Aim of the exercise |
Copy out the data exactly, leaving the pictures behind.

Information supplied |
++++++++++++++++++++
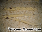 Скатать тесто в колбаску, нарезать на куски шириной 2 см. У меня получилось 20 кусочков.
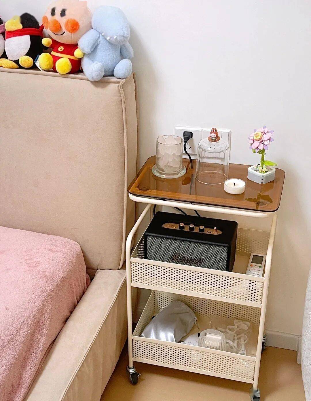 带滑轮的小推车,堪称现在年轻人替代床头柜的神器,不仅灵活机动,而且收纳力强,三层空间足以容纳日常的零食、饮料,台面放点睡前物品也是轻松松松,最重要的是,因为底下带滑轮设计,打扫的时候可以轻松挪开,方便又快捷。
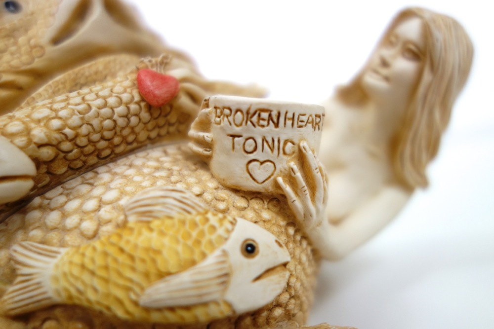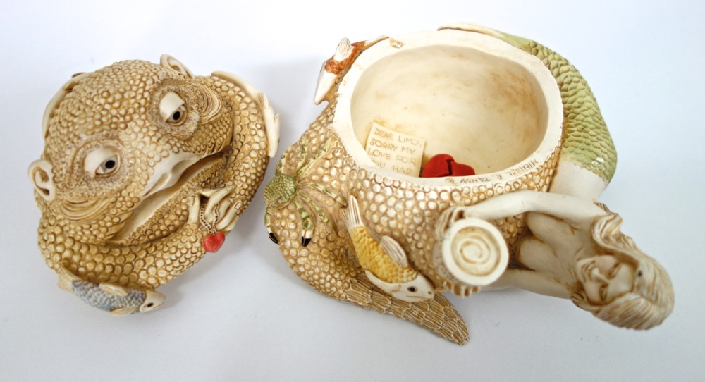 It’s possible the character of Jabba was just a subconscious influence on the artist, or perhaps the resemblance is entirely in my mind. “Jabba” in this case appears to be an undersea creature of some sort who has been dumped by his sweetheart. A mermaid is attempting to comfort him with some “broken heart tonic.” She gives me a little bit of a “Slave Leia” vibe as well. It’s about 3.75″ tall by 5″ wide, and fairly heavy — I understand it was made using a mixture of crushed marble and resin to achieve a kind of faux ivory look.
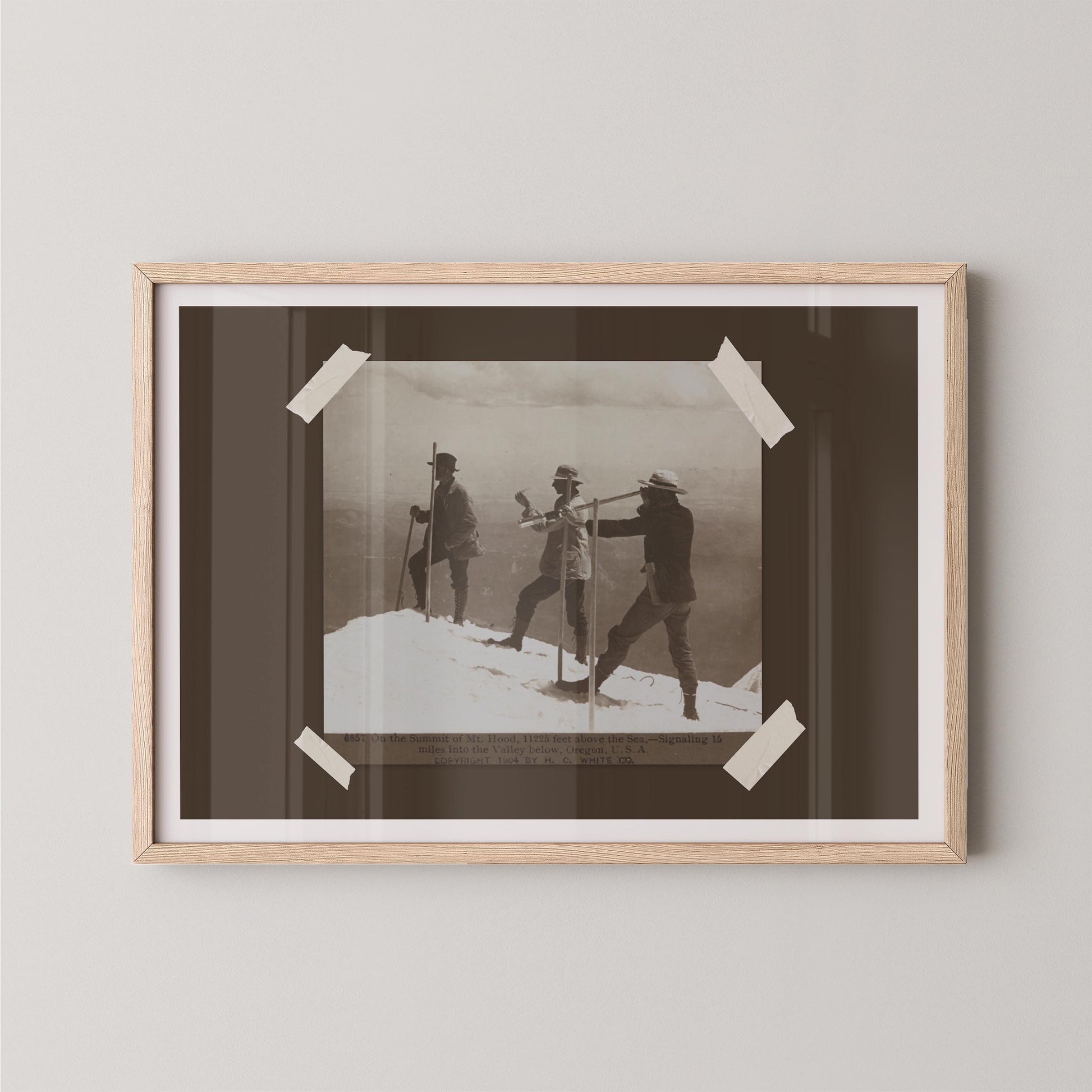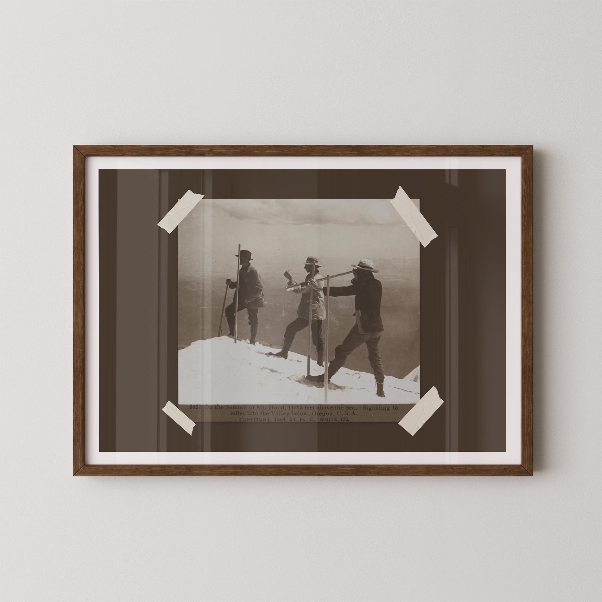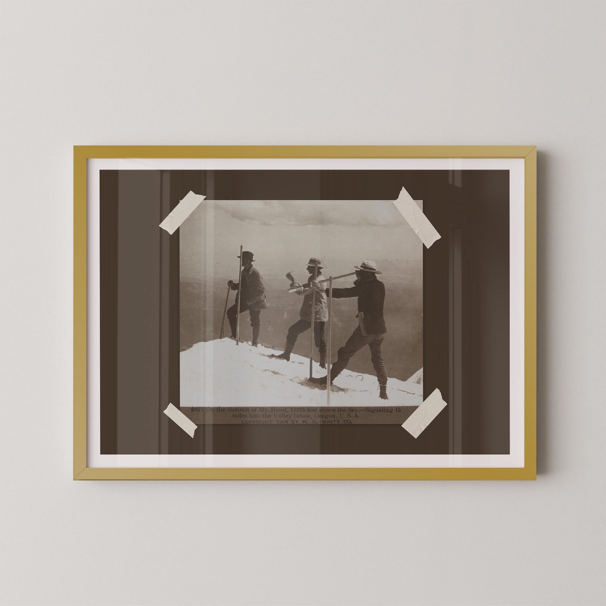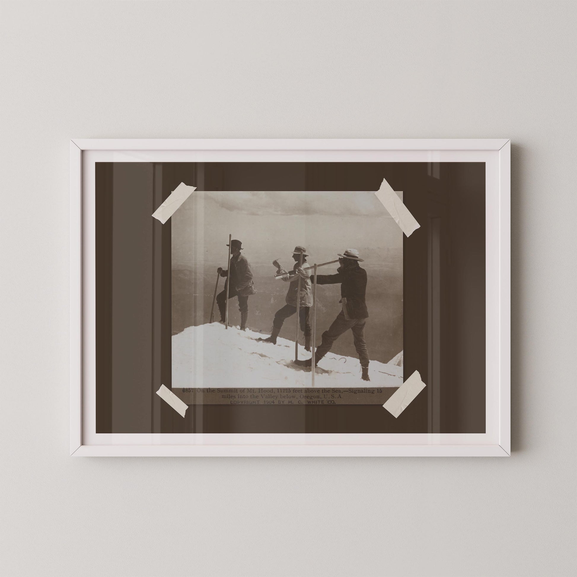 - Depicts early explorers on the summit of Mount Hood
++++++++++++++++++++
Expected output |
 Скатать тесто в колбаску, нарезать на куски шириной 2 см. У меня получилось 20 кусочков.
 带滑轮的小推车,堪称现在年轻人替代床头柜的神器,不仅灵活机动,而且收纳力强,三层空间足以容纳日常的零食、饮料,台面放点睡前物品也是轻松松松,最重要的是,因为底下带滑轮设计,打扫的时候可以轻松挪开,方便又快捷。
 It’s possible the character of Jabba was just a subconscious influence on the artist, or perhaps the resemblance is entirely in my mind. “Jabba” in this case appears to be an undersea creature of some sort who has been dumped by his sweetheart. A mermaid is attempting to comfort him with some “broken heart tonic.” She gives me a little bit of a “Slave Leia” vibe as well. It’s about 3.75″ tall by 5″ wide, and fairly heavy — I understand it was made using a mixture of crushed marble and resin to achieve a kind of faux ivory look.
 - Depicts early explorers on the summit of Mount Hood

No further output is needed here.